$$P(x) = x^{2a+b-1} +x^{a-2b+5}-2x^{a+b-1}$$
This polynomial is divisible by $(x-2)$ so the remainder is $0$. How do we evaluate the product $ab$?
My attempt:
This polynomial is divisible by $(x-2)$ so the remainder is $0$
$$P(x) = (x-2)Q(x) + 0 \implies P(2) = 0$$
Plugging $x = 2$
$$P(2) = (2)^{2a+b-1}+(2)^{a-2b+5}-2(2)^{a+b-1}$$
Let $2^a = u$ and $2^b = m$
$$0 = \dfrac{1}{2}(u^2m)+32um^{-2}-2\dfrac{1}{2}(um) = \dfrac{1}{2}(u^2m)+32um^{-2}-um$$
Multiplying both sides by $2m^2$
$$0 = u^2m^3+64u-2um^3$$
Factoring $u$
$$0 = u\biggr(um^3+64-2m^3\biggr ) $$
Here we get one solution for $u = 0$. But I'm not sure If I went correctly.

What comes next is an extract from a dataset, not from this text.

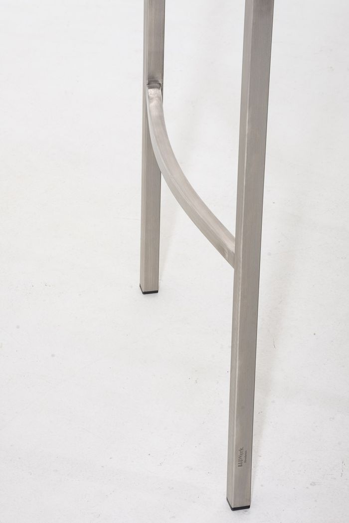 Der pflegeleichte Stoffbezug steht in unterschiedlichen Farben zur Auswahl und bietet dadurch jede gestalterische Freiheit. Ein robustes und langlebiges 4-Fussgestell sorgt für einen sicheren Stand und in der Mitte des Gestells befindet sich eine Fussablage, die für eine korrekte Sitzhaltung wichtig ist. Erhältlich ist unser Thekenhocker in Edelstahl oder in schwarzlackiertem/weisslackiertem Metall.
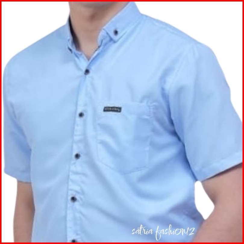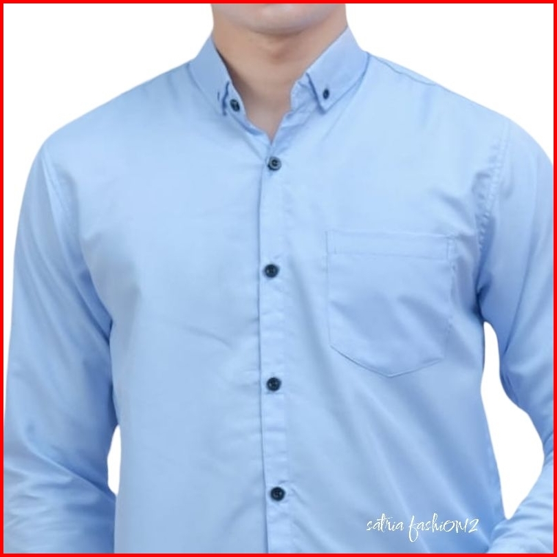 Kemeja Pria Polos Lengan Panjang Pendek Soft Blue Slim Fit Adem Kerja Kantor

We continue from the last line, since it has been pointed out in comments that $u\ne0$: $$0=um^3+64-2m^3=(u-2)m^3+64$$ $$64=(2-u)m^3$$ Given that $u,m$ are powers of 2, $2-u$ is positive, but $u>0$ so $u=1$ and $m=4$, i.e. $a=0,b=2$ and $ab=0$.